These two forces meet and combine throughout Drawing Blood. Each alone is remarkable, but when combined their power is unrelenting.

A must.

Review: The Atrocity Archives

Sunday, December 27th, 2015

I’m not so much part of the target audience for Charles Stross’s Laundry Files books as I’m a member of its core constituency. His blend of fantasy and horror tropes, spy thriller homages, and computer systems in-jokes is pitch perfect to me.  There is a great joy in following the combination of humor and plot allusions and realizing what’s coming a beat or two before one of the characters explains it.

None of that would be worth anything if Stross put together a less diverting story behind the trappings.  He’s quite an excellent and fun writer, executing a good story populated with believable characters – even when they’re supernatural.

Strongly recommended.

Review: Lafayette in the Somewhat United States

Friday, December 11th, 2015

I love to read history and I love to read Sarah Vowell.  I expected to love reading Lafayette. And I enjoyed it a great deal, but I didn’t love it.

Probably the aspect of Vowell’s writing that I love the most is her enthusiasm for her topics – especially when it’s America and history. Her first book that wasn’t a collection of columns, Assassination Vacation was full of excitement and gleeful asides. I had the impression that finding out everything she did was so exciting and so much fun that she couldn’t control the desire to tell everyone.

Better than that, she clearly could control that desire and turn that excitement into a wide-ranging, beautifully written book. It includes delightful historical facts, a sincere paean to the National Parks Service, and a dozen other merits. One of those merits is an ability to connect history and modern times with a brilliant turn of phrase.

All of these are present in Lafayette as well, but not to the same extent. There is a lot of the book that reads like a well-researched, well-written popular treatment of Lafayette’s time in America and its effect on our nation. That’s a great accomplishment, and we need more books like it. And yet, I miss the sparks that fly from every sentence in Vacation.

Recommended.

Review: Ficciones

Monday, November 16th, 2015

I’ve been skirting reading Borges for some time.  Several authors I greatly enjoy point to him as an influence.  Those pointers are always delivered in the sort of hushed tones that one reserves for the influential and unique. A close friend recently recommended Borges’s work and that was the kick I needed to actually go get some.  Hushed tones from Warren Ellis are one thing, but no reason for avoiding the experience sounded good when I tried to say them out loud.
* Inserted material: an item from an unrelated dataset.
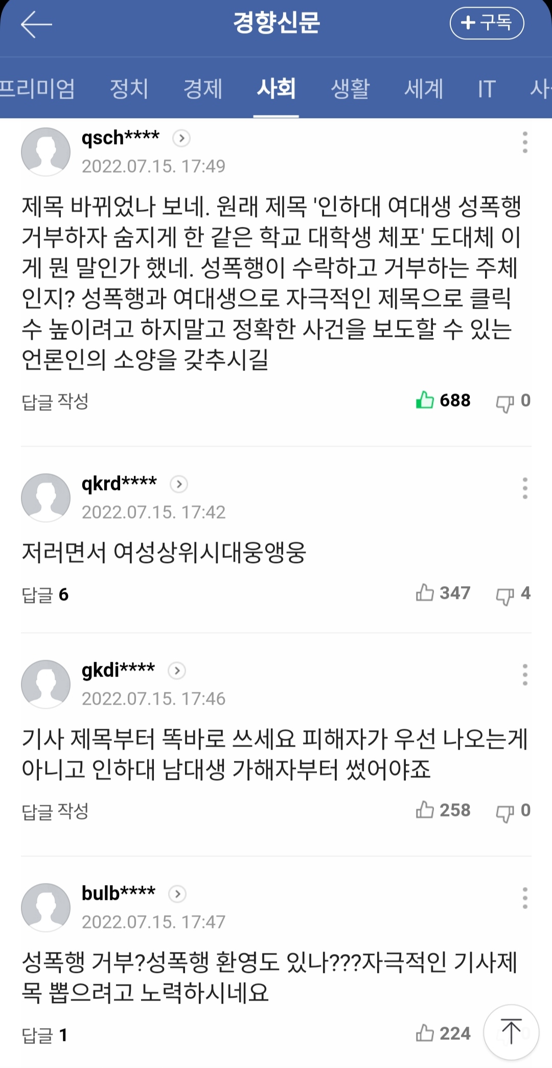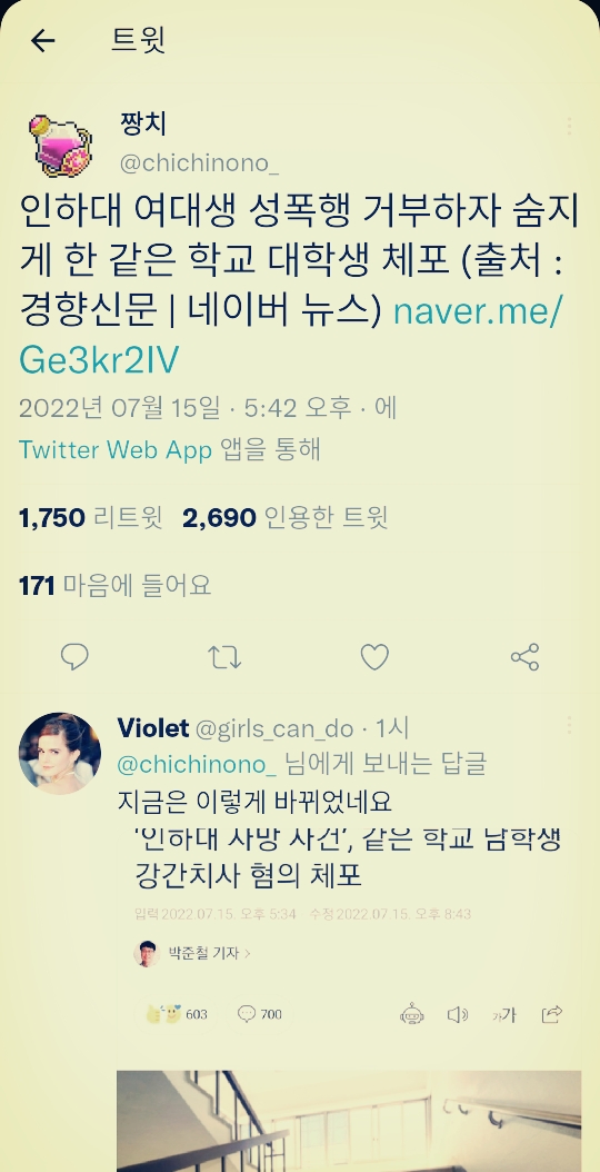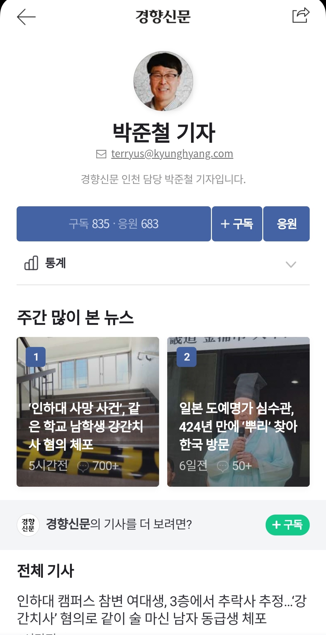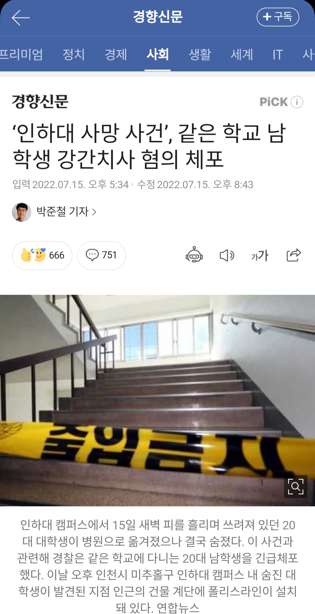 경향신문 박준철기자 인하대 남학생 살인사건 기사 제목을 기가 막히게 뽑았네요
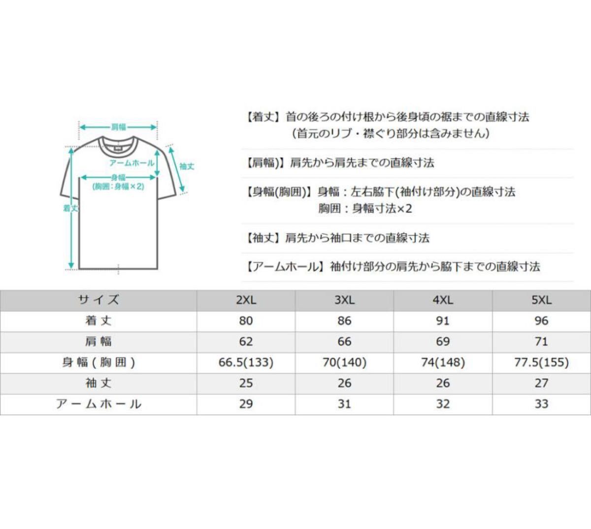 お手持ちのTシャツと記載の大きさ(cm)を比べてご自身で判断ください。

The short stories in Ficciones turn out to be witty and playful in an intellectual sense.  Borges takes an idea and runs as far as he can with it, often under the guise of a literary review. Creating a fictional writer who exemplifies whatever odd approach he wants to explore and then critiquing that author seems the long way around, but the structure is generally powerful and engaging.  He manages to convey the idea of taking himself too seriously and not seriously at all in the same constructs.

It helps that his writing is both technically brilliant and fantastically dense. The first paragraph or two of one of his stories often contains the whole of the story.  The remaining pages simply illuminate it from other angles, as a hologram.  Most of these are master classes in composition and structure.  Often this is where I say an author makes that look easy.  Not Borges.  It looks like he worked hard to get these stories perfect.
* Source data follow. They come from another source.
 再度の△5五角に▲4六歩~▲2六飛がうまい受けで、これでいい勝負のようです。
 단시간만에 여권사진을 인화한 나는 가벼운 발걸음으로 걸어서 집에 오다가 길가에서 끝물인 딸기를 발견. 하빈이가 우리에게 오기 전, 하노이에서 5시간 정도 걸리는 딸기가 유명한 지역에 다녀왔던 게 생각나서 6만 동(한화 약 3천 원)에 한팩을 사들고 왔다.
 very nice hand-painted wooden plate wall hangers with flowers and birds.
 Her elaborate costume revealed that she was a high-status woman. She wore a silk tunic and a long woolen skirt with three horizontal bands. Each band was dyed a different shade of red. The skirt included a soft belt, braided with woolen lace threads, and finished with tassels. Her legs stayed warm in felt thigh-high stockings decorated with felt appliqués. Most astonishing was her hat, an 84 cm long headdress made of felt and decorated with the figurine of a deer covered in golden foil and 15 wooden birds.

Overall, these stories are rewarding and entertaining on many levels, but expect to invest time to reap those benefits.

Strongly recommended.

Review: Stone Mattress

Monday, October 12th, 2015

Stone Mattress collects several of Margaret Atwood’s recent short stories.  The collection seems a lot like a series of etudes. In the notes she mentions that several are from stunt collections – authors produce works within loose but binding constraints.  Etudes are often interesting, but rarely satisfying.  So it goes here.

The collection certainly has its enjoyable passages.  This is Margaret Atwood, after all.  every story has at least one passage that is worth reading the whole story for, even if the passage is taken in isolation.  Most of the works do considerably better than that, having some structural or thematic points of interest that are unexpected at the outset.

Still, these stories feel fluffier than Atwood’s long fiction.  Worth it if you like to see a great writer noodling around on the keyboard.

Recommended.

Review: Tales from The Pittsburgh Steeler Sidelines

Wednesday, September 23rd, 2015

Dale Gronic’s Tales is misnamed.  There are some stories in here, but by and large they aren’t fascinating anecdotes.  Largely Tales is a fairly ad hoc study of the Steelers’ draft classes.  I will say that the Steelers’ draft history turns out to be pretty checkered – much more so than I realized – but this treatment doesn’t capture things very well.

From Gronic’s research, it does seem clear that a book about the Steelers’ drafts would be interesting.  The various coaches have had widely varying philosophies on the role of the draft in team building.  When coaches are changing every few years, this can lead to extremely unusual personnel. Furthermore, each coaching staff brought different skills to the draft. It was common to have a principled plan and a poor eye for talent, that added further noise to the signal.

The 1970’s dynasty was as much a product of the staff’s continuity as its philosophy, but both contributed to some incredible years.

Now, as interesting as that analysis is, it doesn’t fit well with the title.  That title promises me great stories from exciting characters or interesting games.  This is pretty much lacking.  Gronic primarily follows a few draftees who would grant him interviews and tells their history in Pittsburgh.  This is diverting (at best) but never compelling.

Review: Unspeakable Things

Saturday, September 5th, 2015

Laurie Penny is a feminist.  She’s not a feminist in the way that many dilettantes – and I include myself here – are.  She is a deep thinker on matters of sex, gender, and society.  She’s also a vivid, engaging writer.  She’s compassionate without excusing accidental sins.  Her writing is passionate and analytical at the same time.  Readers always know a person is speaking, but never hear someone excusing poor thought with emotional language.

Her book, Unspeakable Things, largely reflects these brilliant qualities. It’s a fine introduction to feminist thought in our modern, daily, technical world. If you’re interacting with people on the internet, it’s a great book to read.  If you’re thinking about why women’s issues and diversity issues are moving to the core of so many discussions, the book is a must. It has ramifications for hard core techies, too, but that’s not what I mean by “technical world.”

Unspeakable Things expanded my thinking about these issues from the personal to the political.  Other friends and Internet writers have made me understand how often and effectively individuals’ rights are trampled.  Penny showed me how these same attitudes and the mores and laws that they have spawned create our society.  Viewing that society in terms of how those mores and laws control and constrain populations in society was new to me.  It’s the difference between sympathizing with people who have been harassed and seeing that the same attitudes prevent women from taking part in the world. Things is very effective at opening the mind.

Particularly enlightening to me was the discussion of birth control.  That’s a technical innovation that could restructure society, except for the fact that society – people who make it up – are resisting that technical change.  As powerful as the personal stories one often hears are (both sides) – the political issues are at least as important.  Penny brought those to me.

Unspeakable Things is not a perfect book, of course.  There are times when I found the writing repetitious.  Some parts were more opaque than others. I can’t tell if it will make others think new thoughts as it made me do.

Overall, the ideas in here are powerful and the writing accessible.  Strongly recommended.